Эрнест Хемингуэй | страница 33



Тогда, в начале 20-х годов, Хемингуэй открыл для себя мир русской литературы. «Сначала русские, а потом все остальные, — свидетельствует, он в своих воспоминаниях. — Но долгое время только русские». В библиотеке Сильвии Бич он «прочитал всего Тургенева, все вещи Гоголя, переведенные на английский, Толстого в переводе Констанс Гарнетт и английские издания Чехова».

Особое место среди «русских симпатий» Хемингуэя занимал Тургенев, которого он считал «величайшим из писателей, когда-либо творивших». Он «не написал самых выдающихся книг, но был великим писателем». Позднее в книге «Зеленые холмы Африки» Хемингуэй свидетельствовал: «Благодаря Тургеневу я сам был в России». Особенно высоко он ценил «Записки охотника» Тургенева за прекрасные описания охоты и картины степей. Хемингуэю был близок тургеневский принцип изображения внутреннего психологического состояния героя через детали, относящиеся к его портрету, внешнему облику, поведению. Это был хемингуэевский принцип объективности, исключающий «указующий авторский перст».

Ему нравился Чехов. Некоторые его рассказы «отдавали репортерством», но другие были «изумительны». У Достоевского он находил произведения, которым «веришь», и произведения, которым «не веришь». Но «Братьев Карамазовых» он неизменно включал в список обязательного чтения. Первое же место в этом списке Хемингуэй отдавал Л. Толстому, автору «Войны и мира» и «Анны Карениной».

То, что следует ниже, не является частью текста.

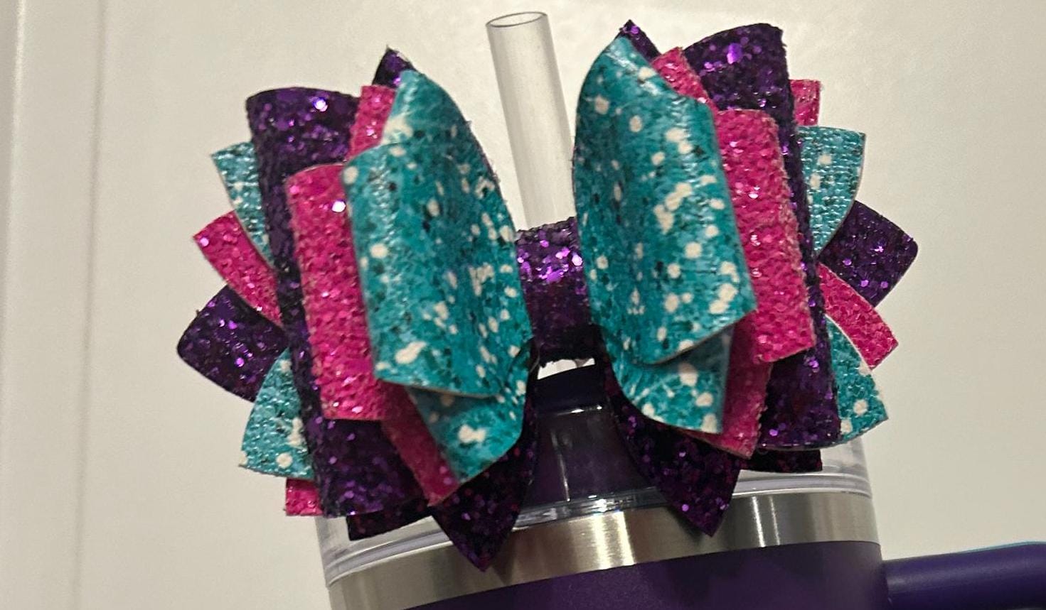 Glitter Tumbler Bow for Stanley, straw topper teal purple hot pink camelia deep purple paradise pink punch

Л. Толстой был для него одним из кумиров и своеобразным художественным эталоном. Он постоянно ссылался на Толстого и в своих интервью, и в письмах, упоминал в некоторых романах. Толстой был особенно близок Хемингуэю, потому что оба писателя участвовали в войне; американский не раз ссылался на автора «Войны и мира», чтобы подчеркнуть, сколь важен для писателя военный опыт. В книге «Зеленые холмы Африки» Хемингуэй так характеризует свои впечатления от чтения «Севастопольских рассказов»: «Книга эта очень молодая, и в ней есть прекрасное описание боя, когда французы идут на штурм бастионов, и я задумался о Толстом и о том огромном преимуществе, которое дает писателю военный опыт». В письме к критику Чарльзу Пуру в 1953 году он писал: «Лев Толстой был в Севастополе. Но не был при Бородино. В то время он вообще не родился. Но он мог все это вообразить, потому что прошел, как и все мы, через войну, через свой страшный Севастополь». Прочитав «Казаков», он называет их «очень хорошей повестью». Наиболее развернутую характеристику Толстому Хемингуэй дает в предисловии к антологии «Люди на войне» (1942): «Я не знаю никого, кто писал бы о войне лучше Толстого, его роман «Война и мир» настолько огромен и подавляющ, что из него можно выкроить любое количество битв и сражений — отрывки сохраняют свою силу и правду…» Вместе с тем Хемингуэй с его эстетикой, не приемлющей авторского объяснения событий, считал неорганичными пространные исторические и философские отступления в романе Толстого. «Я люблю «Войну и мир» за удивительное, глубокое и правдивое изображение войны и народа, но я никогда не доверял рассуждениям великого графа», — пишет он там же. А в одном из писем Хемингуэй задается риторическим вопросом: что было бы, если бы текст «Войны и мира» написал Тургенев, с его точки зрения несравненный мастер. Тургенева он называет «художником», а Толстого — «пророком».